#### [Data provided]
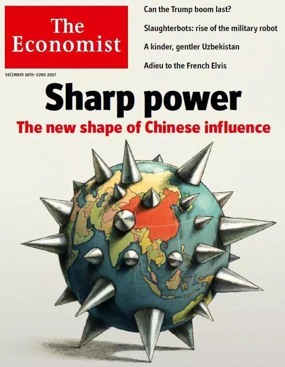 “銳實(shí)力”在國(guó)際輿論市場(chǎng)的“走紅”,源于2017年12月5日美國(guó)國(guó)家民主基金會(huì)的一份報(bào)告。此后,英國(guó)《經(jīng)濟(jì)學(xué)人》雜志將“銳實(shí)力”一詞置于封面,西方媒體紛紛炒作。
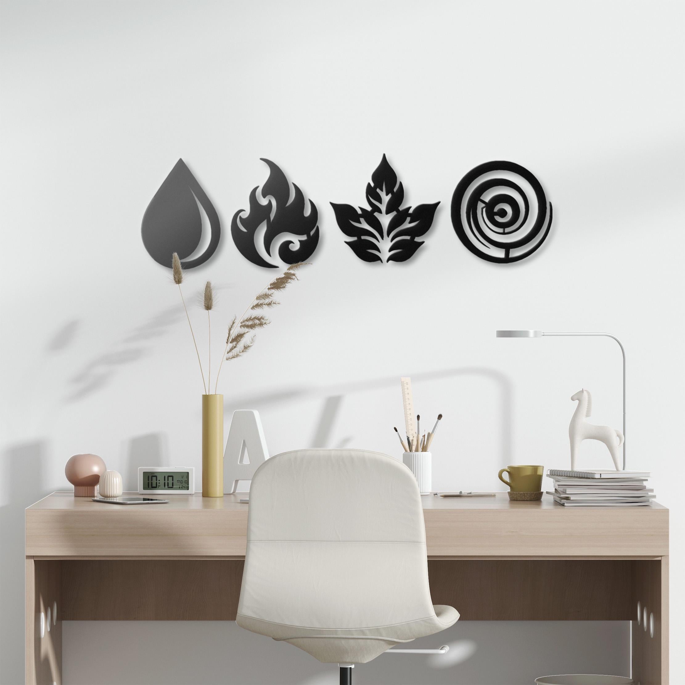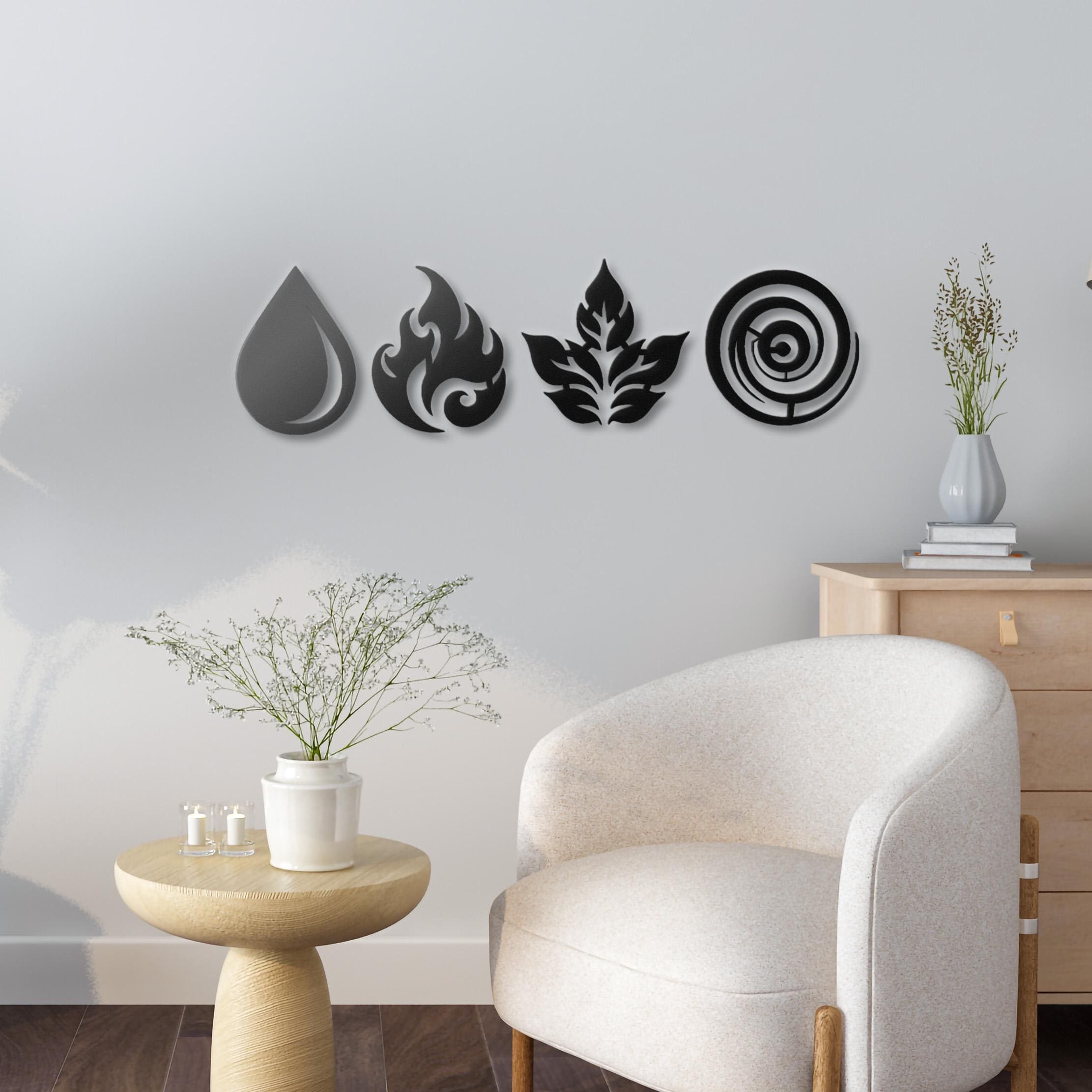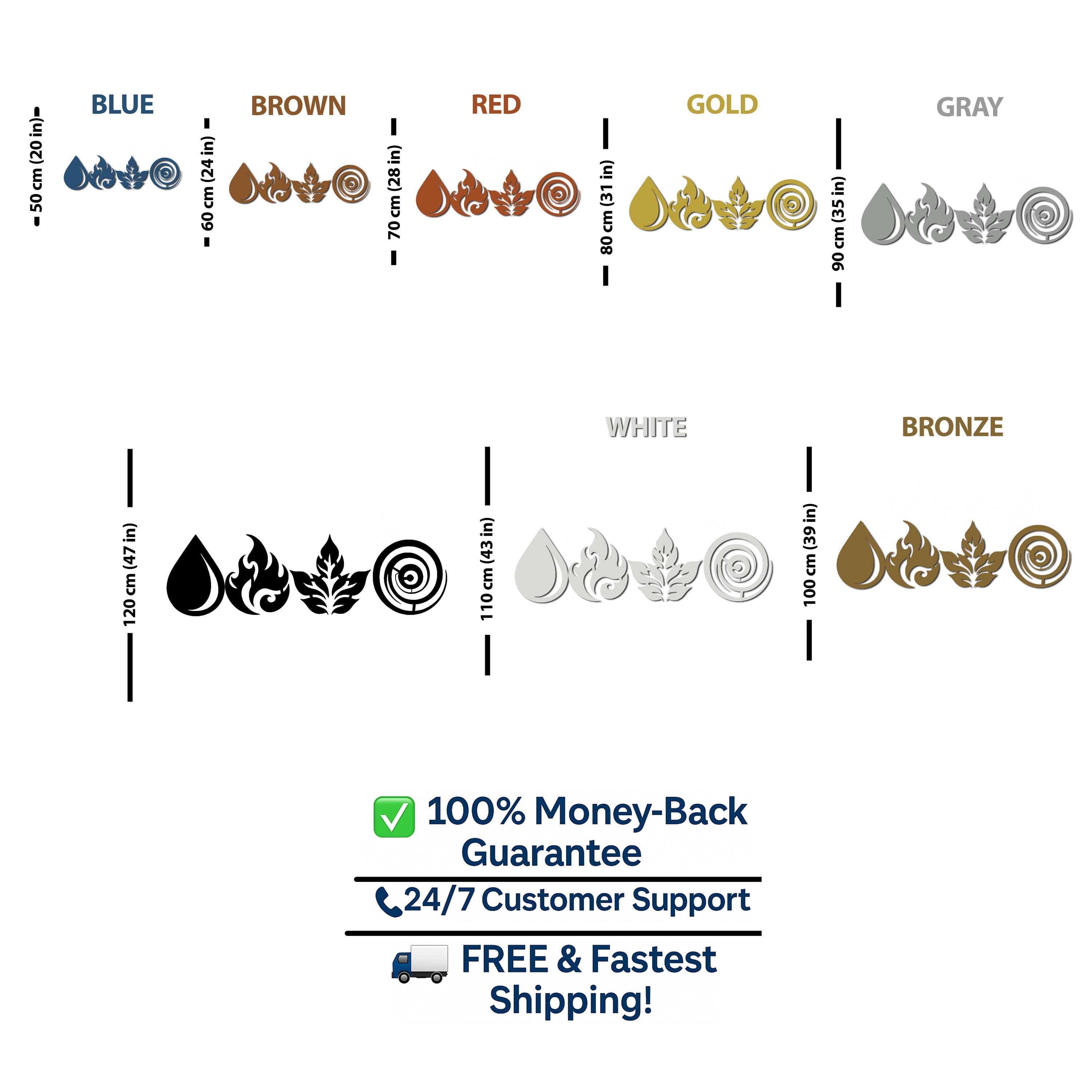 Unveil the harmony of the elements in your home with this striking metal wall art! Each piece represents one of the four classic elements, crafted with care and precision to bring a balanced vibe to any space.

...

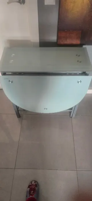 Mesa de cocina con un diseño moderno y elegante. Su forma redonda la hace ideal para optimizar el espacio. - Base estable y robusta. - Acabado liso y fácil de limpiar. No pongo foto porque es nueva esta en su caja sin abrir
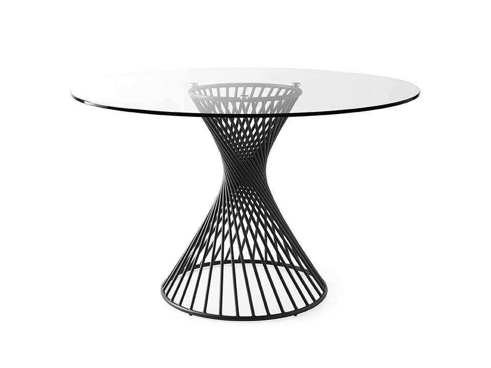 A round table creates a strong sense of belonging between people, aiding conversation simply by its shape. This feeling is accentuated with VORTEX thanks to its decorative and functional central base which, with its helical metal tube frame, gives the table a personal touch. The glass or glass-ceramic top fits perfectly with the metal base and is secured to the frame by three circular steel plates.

#### [What needs to be done]
Leaving out the pictures, please output the lines in the entries above from the one with "Mesa de cocina" through the one with "A round table", exactly as they are.

#### [Written solution]
 Mesa de cocina con un diseño moderno y elegante. Su forma redonda la hace ideal para optimizar el espacio. - Base estable y robusta. - Acabado liso y fácil de limpiar. No pongo foto porque es nueva esta en su caja sin abrir
 A round table creates a strong sense of belonging between people, aiding conversation simply by its shape. This feeling is accentuated with VORTEX thanks to its decorative and functional central base which, with its helical metal tube frame, gives the table a personal touch. The glass or glass-ceramic top fits perfectly with the metal base and is secured to the frame by three circular steel plates.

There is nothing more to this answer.